Friendships are essential to healthy recovery as well. Many mentally ill people have “burned their bridges” with family and friends because of behavior related to their illness. “hope for mental health” is a safe place to make new friends, especially friends who understand the pain and the challenges that you and your new friend both face.
“hope for mental health” is a ministry of small groups of people affected by mental illness who are working through a guided experience journal written by Rick and Kay Warren of Saddleback church. Rick and Kay lost their son to suicide four years ago. Rick and Kay know the pain and stigma of mental illness (through their son’s lifelong suffering), and they have put “their hope” into the “hope for mental health” experience for us to share.
Rick and Kay help us find hope in God, hope in ourselves and hope in each other. In the “hope for mental health” group we laugh, cry and share each others’ burdens and victories. We at “hope” seek to impact as many as God gives us. And as our leadership ability and leadership capacity increases God will send more.
Right now, we are having important and significant healing conversations in the “hope” group with as many as eight at a time and as few as one. And I feel, every time just one person has the opportunity to be listened to, validated, and encouraged, it is more than worth the effort to make “hope for mental health” available to them.

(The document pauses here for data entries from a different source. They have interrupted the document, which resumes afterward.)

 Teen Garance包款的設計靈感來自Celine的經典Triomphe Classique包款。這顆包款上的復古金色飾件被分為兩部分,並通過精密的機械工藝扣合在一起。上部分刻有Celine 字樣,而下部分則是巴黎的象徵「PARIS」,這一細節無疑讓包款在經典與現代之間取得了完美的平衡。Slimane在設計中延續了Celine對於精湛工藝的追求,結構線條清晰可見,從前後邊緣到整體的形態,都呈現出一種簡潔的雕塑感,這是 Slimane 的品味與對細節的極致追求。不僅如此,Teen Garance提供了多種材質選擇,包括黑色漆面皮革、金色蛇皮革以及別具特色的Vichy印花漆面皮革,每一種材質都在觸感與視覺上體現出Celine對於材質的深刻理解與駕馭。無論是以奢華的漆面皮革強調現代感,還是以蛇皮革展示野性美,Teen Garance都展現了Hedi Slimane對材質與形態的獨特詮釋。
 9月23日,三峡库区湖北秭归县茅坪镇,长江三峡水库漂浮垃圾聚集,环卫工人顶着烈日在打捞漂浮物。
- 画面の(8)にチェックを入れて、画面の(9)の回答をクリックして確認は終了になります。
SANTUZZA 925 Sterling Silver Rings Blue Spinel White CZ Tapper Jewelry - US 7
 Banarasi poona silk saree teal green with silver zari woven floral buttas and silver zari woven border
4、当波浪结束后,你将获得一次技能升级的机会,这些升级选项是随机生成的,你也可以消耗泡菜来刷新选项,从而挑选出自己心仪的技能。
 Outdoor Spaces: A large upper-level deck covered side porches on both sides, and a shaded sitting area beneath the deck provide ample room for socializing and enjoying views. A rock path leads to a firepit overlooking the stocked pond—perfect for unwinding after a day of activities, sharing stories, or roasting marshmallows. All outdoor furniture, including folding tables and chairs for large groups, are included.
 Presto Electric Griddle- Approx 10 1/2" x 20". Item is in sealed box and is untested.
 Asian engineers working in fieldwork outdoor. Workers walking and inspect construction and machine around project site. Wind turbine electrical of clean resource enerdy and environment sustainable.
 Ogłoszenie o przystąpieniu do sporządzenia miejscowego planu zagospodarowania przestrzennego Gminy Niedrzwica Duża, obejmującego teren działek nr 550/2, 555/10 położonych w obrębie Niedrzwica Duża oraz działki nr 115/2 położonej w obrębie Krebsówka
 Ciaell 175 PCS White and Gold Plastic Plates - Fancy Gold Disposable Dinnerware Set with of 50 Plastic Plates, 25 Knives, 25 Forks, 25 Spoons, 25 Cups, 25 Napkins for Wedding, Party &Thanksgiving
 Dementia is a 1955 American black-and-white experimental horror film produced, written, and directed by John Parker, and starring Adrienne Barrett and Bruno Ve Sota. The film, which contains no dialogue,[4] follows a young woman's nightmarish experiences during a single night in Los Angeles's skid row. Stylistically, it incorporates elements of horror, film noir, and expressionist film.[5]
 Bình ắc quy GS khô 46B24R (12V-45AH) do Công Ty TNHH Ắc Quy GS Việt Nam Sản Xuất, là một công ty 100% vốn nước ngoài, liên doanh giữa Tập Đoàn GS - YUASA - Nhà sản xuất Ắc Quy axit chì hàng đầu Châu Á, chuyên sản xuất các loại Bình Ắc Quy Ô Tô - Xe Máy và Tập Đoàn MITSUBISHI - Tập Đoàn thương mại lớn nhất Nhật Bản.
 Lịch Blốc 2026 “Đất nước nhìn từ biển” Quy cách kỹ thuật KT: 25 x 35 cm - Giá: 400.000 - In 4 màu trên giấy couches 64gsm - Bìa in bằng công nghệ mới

Half of us in this room will suffer from some form of mental illness in our lifetime. Let me say that again. Half the people in the nation, half of us in this room, will suffer from some form of mental illness in our lifetime. If it is you or someone you know you don’t have to go through it alone. Jesus loves you and your loved one, just the way you are. But he loves you too much to leave you that way. There is hope and help for you or someone you love.
Take the risk and reach out to us.
We have been there and we are here for you through “hope for mental health.” I know the pain of being locked out of someone’s heart, you and someone you love will never be locked out of our hearts.
The following is Matthew West singing “Broken Things.” Please read and listen to the words. I think Matthew sums up what God can do with each of us, if we let Him.
Thank you for letting me share my heart with you.